### Problem statement
For the records below, output word for word the lines from the one with "紅球台南歷史街區策展行動7日" up to and including the one with "Roundup Dual Action". No pictures.

### Provided records
-- Opening Marker --

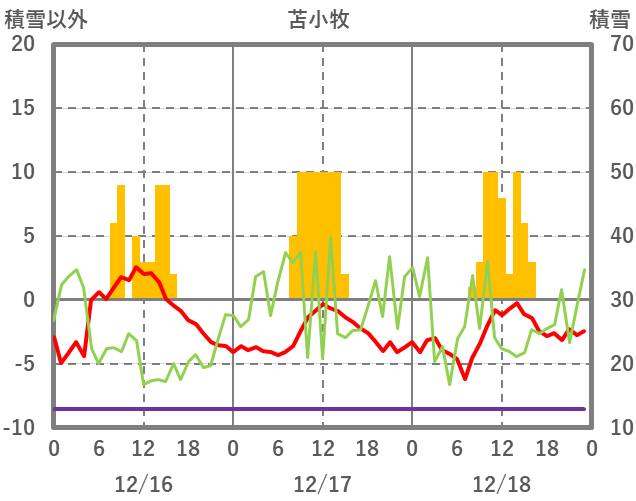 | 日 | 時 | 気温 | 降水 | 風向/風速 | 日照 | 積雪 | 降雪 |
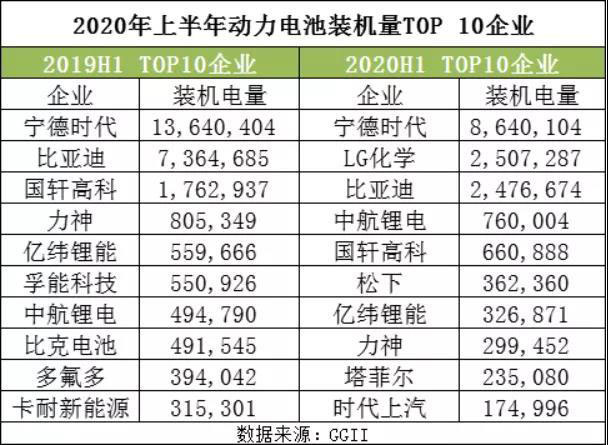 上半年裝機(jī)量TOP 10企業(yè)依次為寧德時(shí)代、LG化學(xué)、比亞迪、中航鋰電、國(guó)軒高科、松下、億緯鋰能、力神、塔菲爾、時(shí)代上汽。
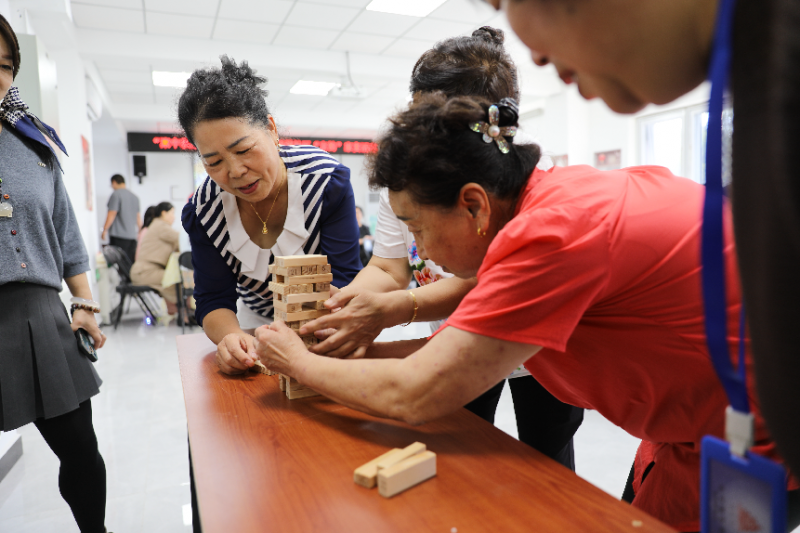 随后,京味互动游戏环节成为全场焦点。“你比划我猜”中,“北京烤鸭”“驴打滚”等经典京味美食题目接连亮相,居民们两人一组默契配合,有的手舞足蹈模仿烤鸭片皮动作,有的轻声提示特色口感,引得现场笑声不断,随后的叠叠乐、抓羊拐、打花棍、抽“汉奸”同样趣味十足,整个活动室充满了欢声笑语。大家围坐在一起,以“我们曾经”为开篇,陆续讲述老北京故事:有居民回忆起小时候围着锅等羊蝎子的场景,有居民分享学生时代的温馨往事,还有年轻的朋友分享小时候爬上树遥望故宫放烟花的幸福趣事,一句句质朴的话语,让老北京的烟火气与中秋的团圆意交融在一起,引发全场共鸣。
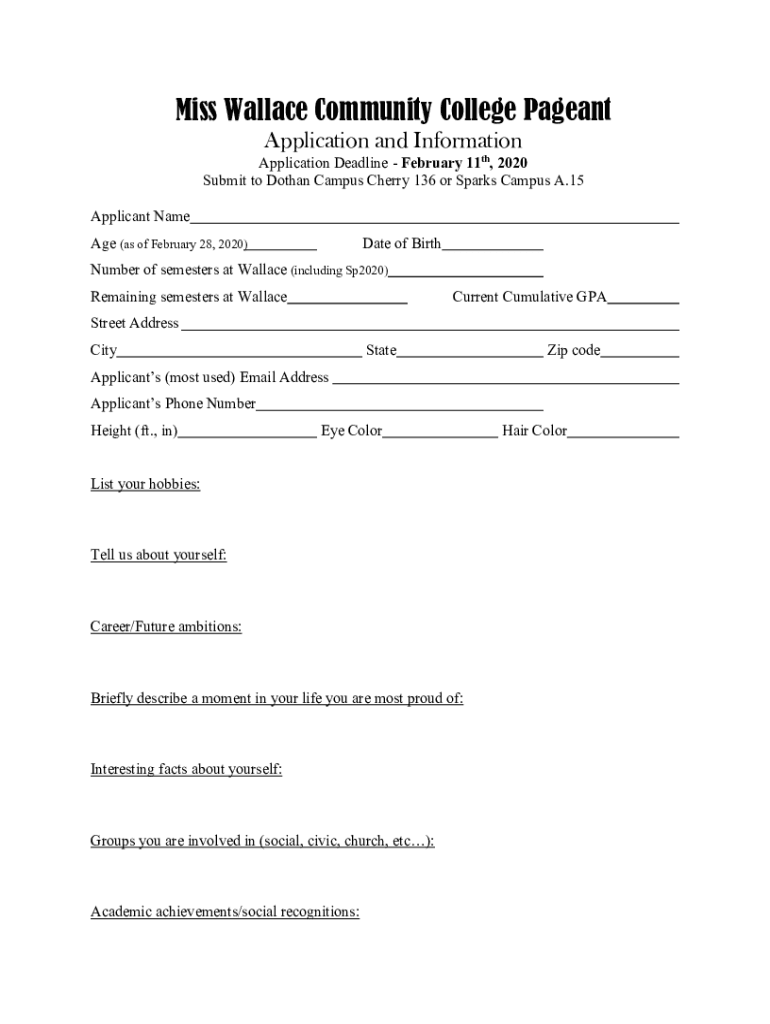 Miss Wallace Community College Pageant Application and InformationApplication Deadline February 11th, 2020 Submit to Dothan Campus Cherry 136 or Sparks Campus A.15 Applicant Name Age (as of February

-- Closing Marker --
-- Opening Marker --

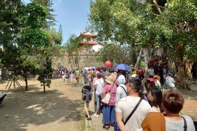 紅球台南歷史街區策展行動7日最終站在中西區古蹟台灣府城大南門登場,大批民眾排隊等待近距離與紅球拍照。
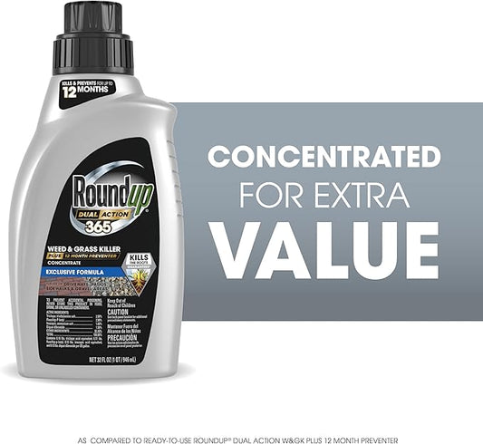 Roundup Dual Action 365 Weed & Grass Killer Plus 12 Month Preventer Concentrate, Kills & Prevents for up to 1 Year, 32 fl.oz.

-- Closing Marker --

### Your response
 紅球台南歷史街區策展行動7日最終站在中西區古蹟台灣府城大南門登場,大批民眾排隊等待近距離與紅球拍照。
 Roundup Dual Action 365 Weed & Grass Killer Plus 12 Month Preventer Concentrate, Kills & Prevents for up to 1 Year, 32 fl.oz.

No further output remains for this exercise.